The Union labour minister is the ex-officio chairman of the Central Board of Trustees of the EPF. Yadav was reluctant to allow private companies to manage the PF trusts, but Verma's views on this topic are not known as yet.
Verma also told journalists that while he does not like the term 'hire and fire,' he would look into the issue of amending the Industrial Disputes Act to allow companies employing up to 1,000 workers to retrench employees without obtaining prior government permission.
The Second National Labour Commission had suggested that this limit be pegged at 300 workers not 1,000 workers (proposed by Sinha) or 100 workers, which is the law as it currently stands.

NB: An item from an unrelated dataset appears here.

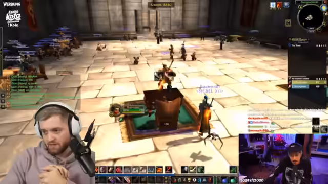 03:59:50In dem versuchen, einen Raum im Dungeon zu klären, kommt es zu massiver Desorientierung und gefährlichen Fehlentscheidungen. Der Streamer geht fälschlicherweise in den falschen Raum und zieht versehentlich den Boss und mehrere Gruppen auf sich. Anstatt geordnet zu agieren, rufen die Spieler unkoordiniert 'Raus', woraufhin jeder aus dem Raum rennt und durch den Kampfverlauf läuft. Dies führt zu einer chaotischen Situation, in der der Streamer als Tank die Agro nicht halten kann und das Team beinahe stirbt.

The new labour minister has observed that before a decision is taken in this regard, he would try and find out how many industrial units would come under the purview of the amended Act should the limit be raised from 100 workers to 300 workers.

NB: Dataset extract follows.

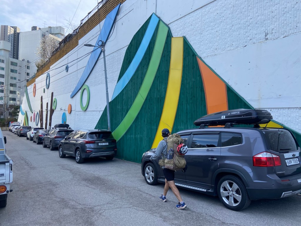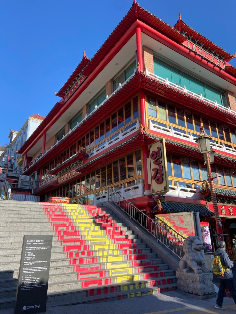 Day 2: Saturday 29 March. It snowed today! A top of maybe 5°c with some harsh winds, however not nearly as tough as yesterday with only 14.5km and two peaks to cover. The last section was more urban walking through the streets of Incheon. Came across a food market and children’s theme street nearby the local Chinatown, and what’s a trip to Korea without ending up at a random love motel 💕

Whereas the labour force in the organised industrial sector accounts for roughly ten per cent of the total number of workers in the country, the trade unions representing them carry considerable political clout.

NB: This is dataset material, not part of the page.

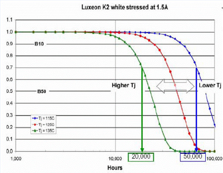 當結(jié)溫從115℃提高到135℃,就會使壽命從50,000小時降低到20,000小時。其他各家公司的光衰曲線應當可以向原廠索取。
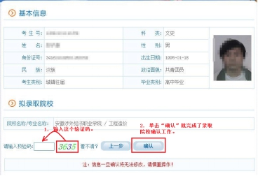 2. 用自己设定的密码重新登录,进入录取院校确认界面:

Whether Verma would be able to confront the unions headlong on the issue of amending the Industrial Disputes Act and reducing the interest rate on EPF deposits is not certain, what cannot be denied is the fact that employment opportunities have not been growing fast enough in the Indian economy and many young people currently face the prospects of a jobless future.
The decade between 1991 and 2001 saw an average rate of growth of population 2.134 per cent per year - this represents the sharpest decline in India's population growth rate since independence.
On the other hand, the Planning Commission has estimated that while overall employment grew by 2.43 per cent per annum between 1987-88 and 1993-94, in the next seven years, that is, between 1993-94 and 1999-2000, the rate of growth of employment slumped to around one per cent.
What is worse, the number of the educated unemployed (that is, skilled and literate individuals) registered with employment exchanges rose from 36.8 million in 1994-95 to 41.2 million five years later. Some of these statistics were highlighted by 'socialist' Defence Minister George Fernandes while speaking at a seminar at the capital's Constitution Club on Thursday (July 4).
He lamented that the number of employment-generating small-scale industrial units in the country had come down from 340,000 to nearly 250,000 in the recent past.
He further pointed out that large (and not small) industrial enterprises were primarily responsible for non-payment of loans taken from banks and financial institutions.
Given such a grim employment scenario in India at present, the new labour minister will find it difficult to fashion employer-friendly policies that would elicit applause from chambers of commerce and industry associations, leave alone people like Yashwant Sinha who is now the country's Minister for External Affairs.
Incidentally, it may be recalled that Sahib Singh Verma (as a vice president of the BJP) was in the forefront of those who had attacked Sinha in March this year for presenting a Union Budget that was perceived to be against the interests of the middle classes and the salaried sections.
Verma was also among those who had held Sinha responsible for the BJP's pathetic performance in the capital's municipal elections.